EXERCISE DIRECTIONS:
Exact copies of all the lines below are needed, without the pictures.

DATA EXTRACT:
######
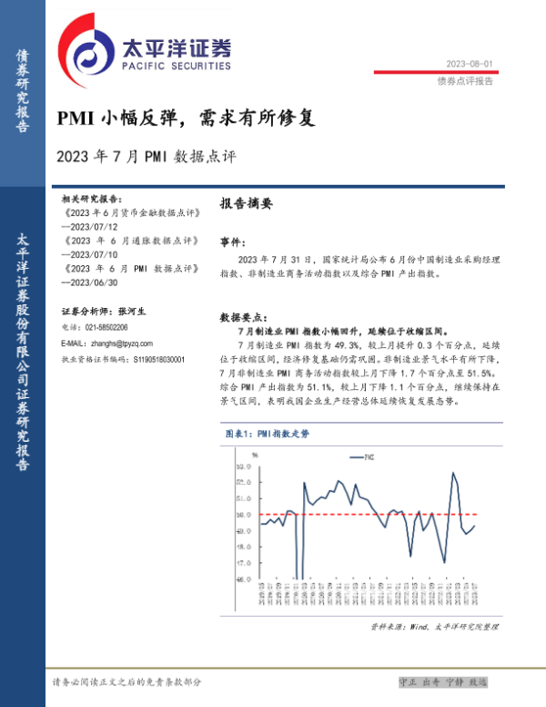 【太平洋证券】【20230801】2023年7月PMI数据点评:PMI小幅反弹,需求有所修复-7页
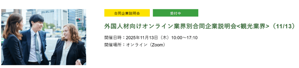 今日は外国人向け観光業界のオンライン企業説明会のご案内です。
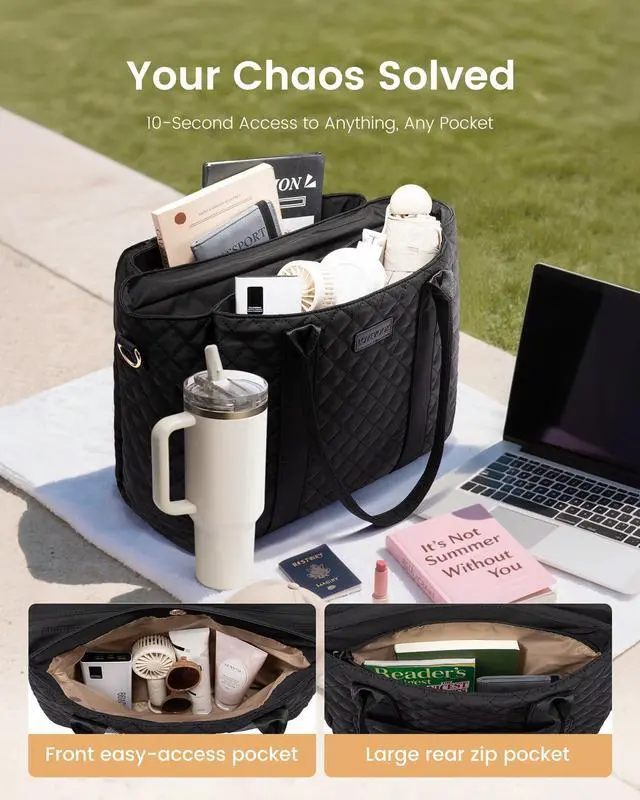 Large Capacity Multi-Compartment Work BagThis lovevook laptop bag for women can hold all your daily necessities. Teacher tote bag has three large compartments, 13 pockets, and a capacity of up to 25L, so your belongings are always kept organized. The built-in computer compartment can hold a 15.6 inch laptop, making it suitable for daily commuting, study, and travel. ^^ Stanley Bottle PocketThis pocket is designed specifically for your Stanley 40 oz water bottle, providing the perfect storage space. A built-in elastic pocket ensures you can drink easily and without worrying about spills during your busy day.
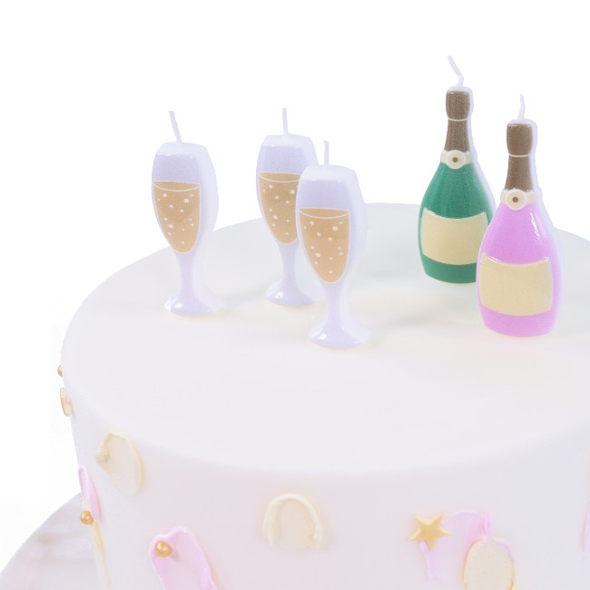 As velas perfeitas para acompanhar e completar qualquer celebração. Composta por 3 velas em forma de taças de champanhe acompanhadas por duas velas em forma de garrafas.
######
YOUR SOLUTION:
 【太平洋证券】【20230801】2023年7月PMI数据点评:PMI小幅反弹,需求有所修复-7页
 今日は外国人向け観光業界のオンライン企業説明会のご案内です。
 Large Capacity Multi-Compartment Work BagThis lovevook laptop bag for women can hold all your daily necessities. Teacher tote bag has three large compartments, 13 pockets, and a capacity of up to 25L, so your belongings are always kept organized. The built-in computer compartment can hold a 15.6 inch laptop, making it suitable for daily commuting, study, and travel. ^^ Stanley Bottle PocketThis pocket is designed specifically for your Stanley 40 oz water bottle, providing the perfect storage space. A built-in elastic pocket ensures you can drink easily and without worrying about spills during your busy day.
 As velas perfeitas para acompanhar e completar qualquer celebração. Composta por 3 velas em forma de taças de champanhe acompanhadas por duas velas em forma de garrafas.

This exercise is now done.